Industrial wastes from oil refinery and petrochemical industries, characterized by the presence of inorganic sulfur-containing pollutants such as sulfides, thiosulfates, sulfates and elemental sulfur, are held responsible for their high toxicity. The most fatal element of wastewater is sulfide sulfur, a toxin which causes severe damage to aquatic life [1]. Therefore, the removal of sulfide sulfur from aqueous media has been investigated using different methods such as adsorption, precipitation, electrochemical or biological methods [2]. Noticeably, chemical oxidation methods are most widely used to get rid of sulfide sulfur in wastewater since sulfide reacts with strong oxidizing agents (for instance, KMnO4, K2Cr2O7, O3, Ca(Cl)2O2, H2O2 and Cl2) to form sulfate. However, the cost of the chemicals and the pollution possibly caused by the oxidation agents are several disadvantages to consider [3-7].

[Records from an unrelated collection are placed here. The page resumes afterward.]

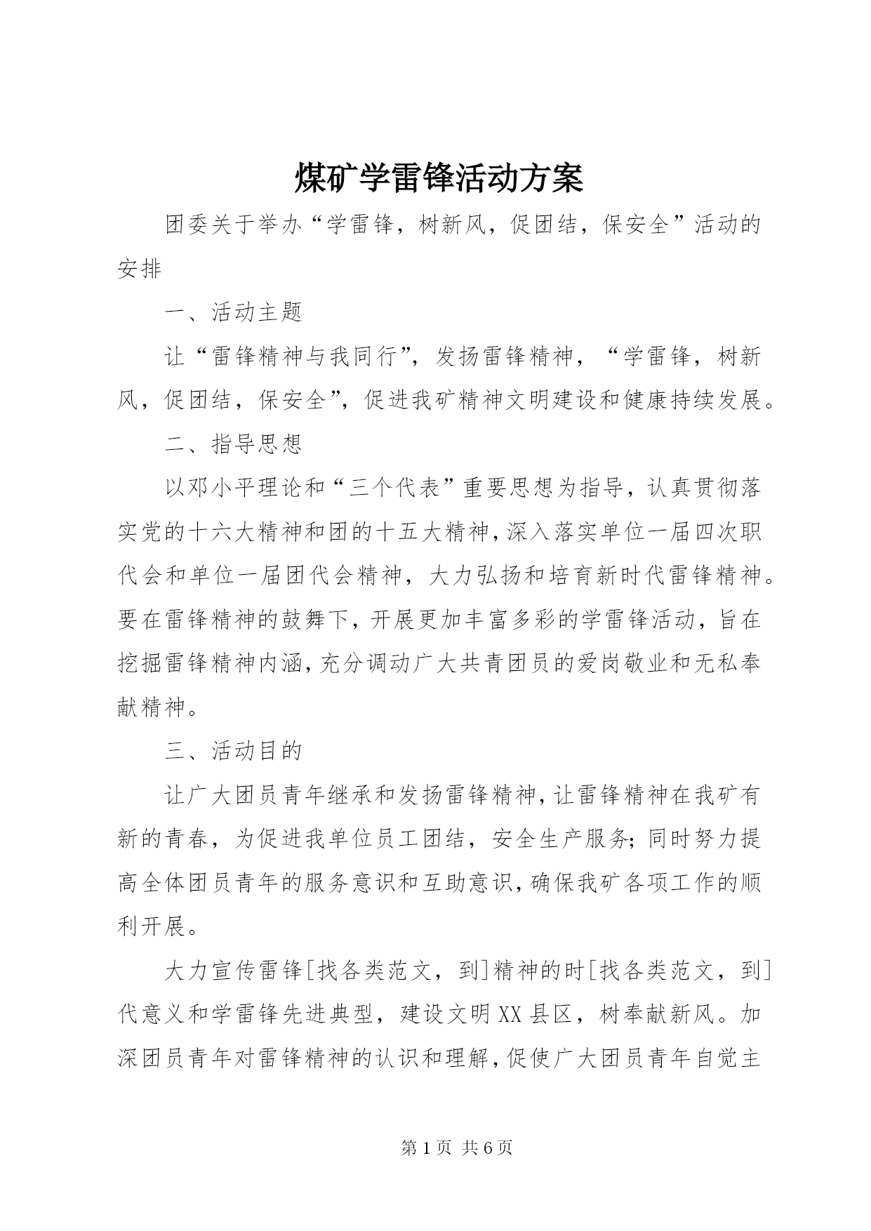 第PAGE\*Arabic\*MERGEFORMAT6页共NUMPAGES\*MERGEFORMAT6页煤矿学雷锋活动方案团委关于举办“学雷锋,树新风,促团结,保安全”活动的安排一、活动主题让“雷锋精神与我同行”,发扬雷锋精神,“学雷锋,树新风,促团结,保安全”,促进我矿精神文明建设和健康持续发展。二、指导思想以邓小平理论和“三个代表”重要思想为指导,认真贯彻落实党的十六大精神和团的十五大精神,深入落实单位一届四次职代会和单位一届团代会精神,大力弘扬和培育新时代雷锋精神。要在雷锋精神的鼓舞下,
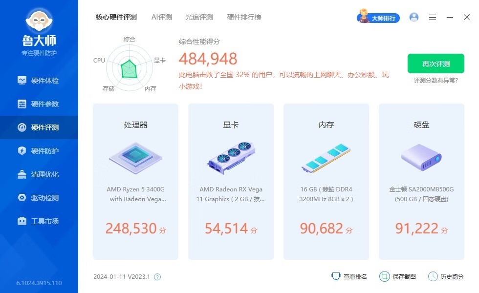 ▼简单跑个整机测试,整机得分96.9W,处理器单独得分64.6W,显卡单独得分8.3W,性能提升非常明显。
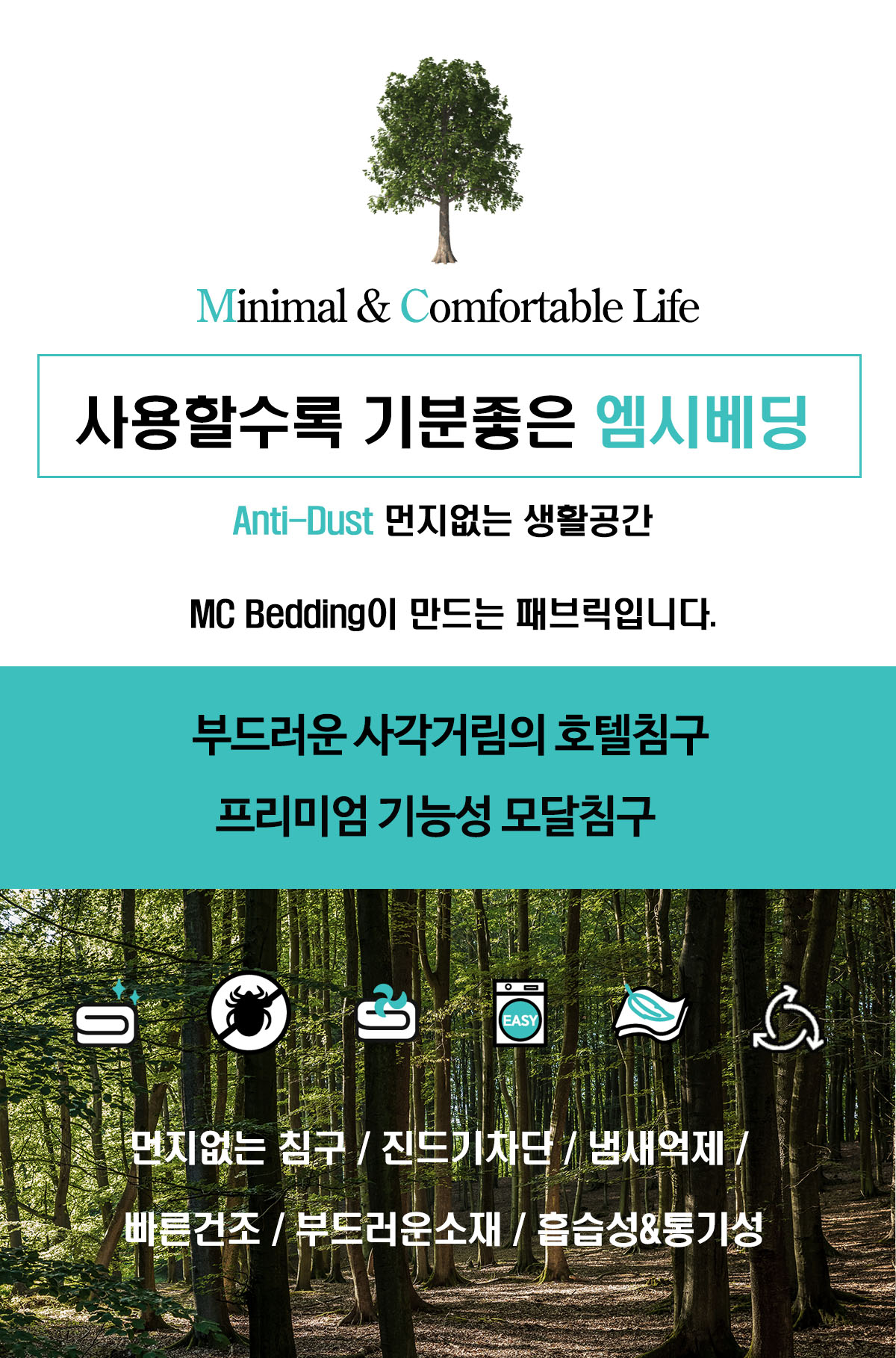 MC베딩 안티더스트침구는 물세탁이 가능하고 건조가 빨라 세탁과 관리가 쉽습니다.

As shown by previous studies [4-17], the most effective method of sulfide sulfur treatment in the wastewater involves its oxidation in an atmospheric oxygen in the presence of a catalyst. Several heterogeneous and homogeneous catalysts have been employed to catalyze the reaction between toxic sulfide and oxygen, forming less harmful sulfur compounds such as thiosulfate and sulfate. Transition metals and their compounds are also considered as the potential catalysts for selective oxidation of sulfide in a variety of industries. For example, metal oxides such as Fe2O3, CuO, Cr2O3, MnO2 supported on polymer matrix are extensively used for sulfide oxidation in wastewater refinery [4]. Similarly, polymeric metal phthalocyanines and cobalt phthalocyanine sulfonates coordinately bound to polymers are also applied to oxidizing sulfides [6]. Spinel-structured iron oxides such as ferrit MFe2O4 (M= Cu2+ and Co2+), magnetite (Fe3O4) and maghemite (Fe2O3) are also employed to catalyze sulfide oxidation [7]. Lastly, vanadium antimonate VSbO4 [8,9] and metal chalogenides (CdS) [10] are used as catalysts for oxidizing sulfides. However, it is seen that in these methods, toxic substances of the catalysts, which are heavy metals, will partly dissolve in wastewater. In terms of financial issues, the removal of these compounds from wastewater during sulfide treatments can be very expensive. For these reasons, the development of an optimal and non-toxic catalyst for treating the sulfide-containing wastewater is critically important.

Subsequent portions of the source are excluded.